Dataset records:
*** Block opens ***

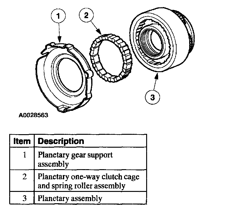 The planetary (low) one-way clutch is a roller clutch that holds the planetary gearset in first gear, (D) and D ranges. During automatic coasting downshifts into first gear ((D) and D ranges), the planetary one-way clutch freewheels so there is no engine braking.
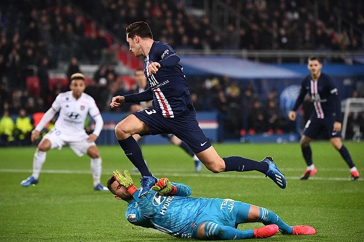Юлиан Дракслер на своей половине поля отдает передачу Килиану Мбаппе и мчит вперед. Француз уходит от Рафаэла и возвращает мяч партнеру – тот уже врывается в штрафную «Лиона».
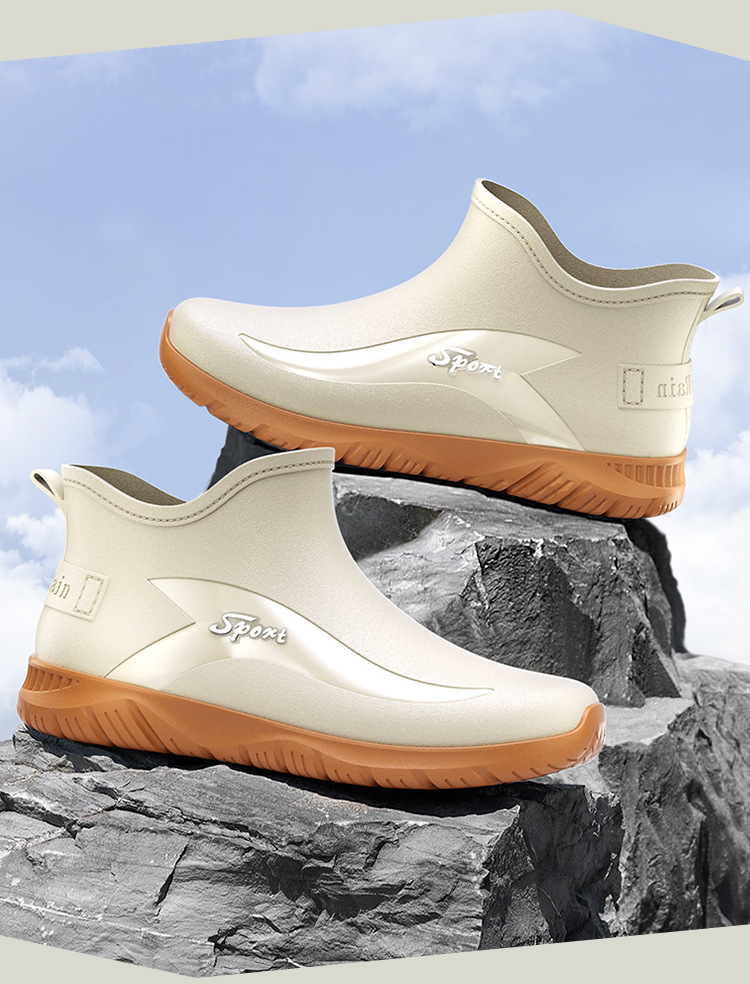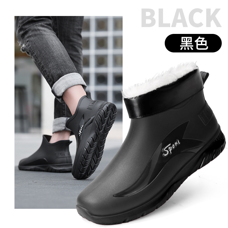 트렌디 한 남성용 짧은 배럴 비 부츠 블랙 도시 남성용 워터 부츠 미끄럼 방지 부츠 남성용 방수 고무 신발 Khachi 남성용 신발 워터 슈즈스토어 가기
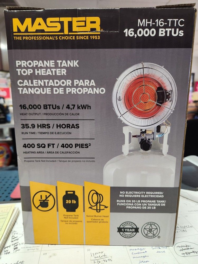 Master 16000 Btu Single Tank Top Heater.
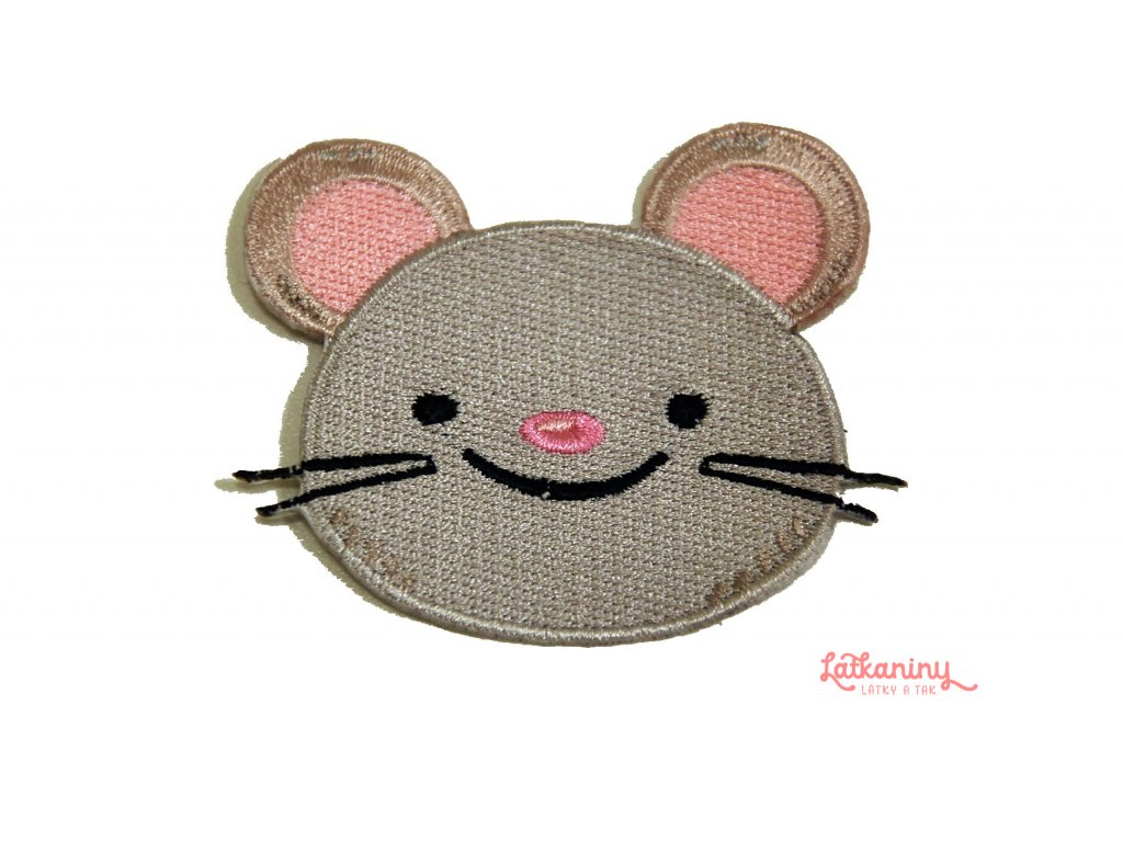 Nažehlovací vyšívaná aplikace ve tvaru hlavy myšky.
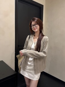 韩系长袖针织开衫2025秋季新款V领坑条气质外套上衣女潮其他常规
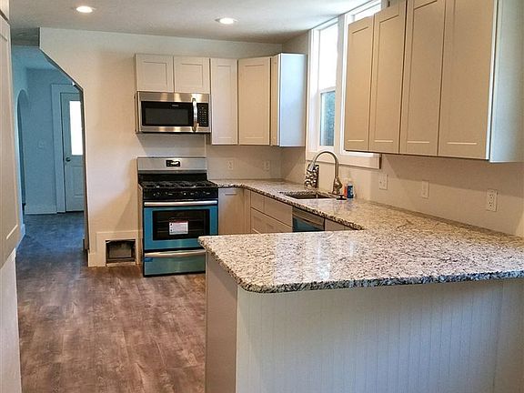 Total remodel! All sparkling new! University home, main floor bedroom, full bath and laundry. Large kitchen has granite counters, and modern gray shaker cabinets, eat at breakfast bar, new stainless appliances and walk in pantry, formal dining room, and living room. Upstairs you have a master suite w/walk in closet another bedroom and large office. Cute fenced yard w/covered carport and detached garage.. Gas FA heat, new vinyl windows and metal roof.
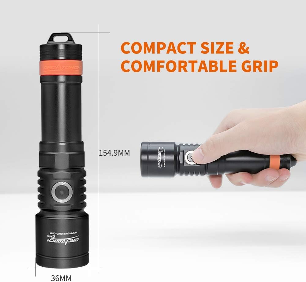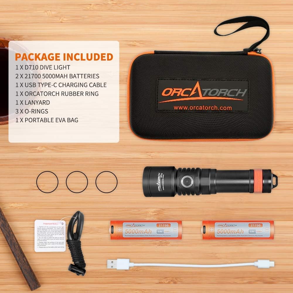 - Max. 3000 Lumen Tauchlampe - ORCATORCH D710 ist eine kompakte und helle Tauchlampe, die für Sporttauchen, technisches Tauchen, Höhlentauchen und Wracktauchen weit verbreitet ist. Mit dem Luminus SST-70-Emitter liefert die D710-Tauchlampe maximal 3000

*** Block closes ***

Task goal:
Could you set down every record above exactly as written, leaving out the pictures?

Solution to this task:
 The planetary (low) one-way clutch is a roller clutch that holds the planetary gearset in first gear, (D) and D ranges. During automatic coasting downshifts into first gear ((D) and D ranges), the planetary one-way clutch freewheels so there is no engine braking.
Юлиан Дракслер на своей половине поля отдает передачу Килиану Мбаппе и мчит вперед. Француз уходит от Рафаэла и возвращает мяч партнеру – тот уже врывается в штрафную «Лиона».
 트렌디 한 남성용 짧은 배럴 비 부츠 블랙 도시 남성용 워터 부츠 미끄럼 방지 부츠 남성용 방수 고무 신발 Khachi 남성용 신발 워터 슈즈스토어 가기
 Master 16000 Btu Single Tank Top Heater.
 Nažehlovací vyšívaná aplikace ve tvaru hlavy myšky.
 韩系长袖针织开衫2025秋季新款V领坑条气质外套上衣女潮其他常规
 Total remodel! All sparkling new! University home, main floor bedroom, full bath and laundry. Large kitchen has granite counters, and modern gray shaker cabinets, eat at breakfast bar, new stainless appliances and walk in pantry, formal dining room, and living room. Upstairs you have a master suite w/walk in closet another bedroom and large office. Cute fenced yard w/covered carport and detached garage.. Gas FA heat, new vinyl windows and metal roof.
 - Max. 3000 Lumen Tauchlampe - ORCATORCH D710 ist eine kompakte und helle Tauchlampe, die für Sporttauchen, technisches Tauchen, Höhlentauchen und Wracktauchen weit verbreitet ist. Mit dem Luminus SST-70-Emitter liefert die D710-Tauchlampe maximal 3000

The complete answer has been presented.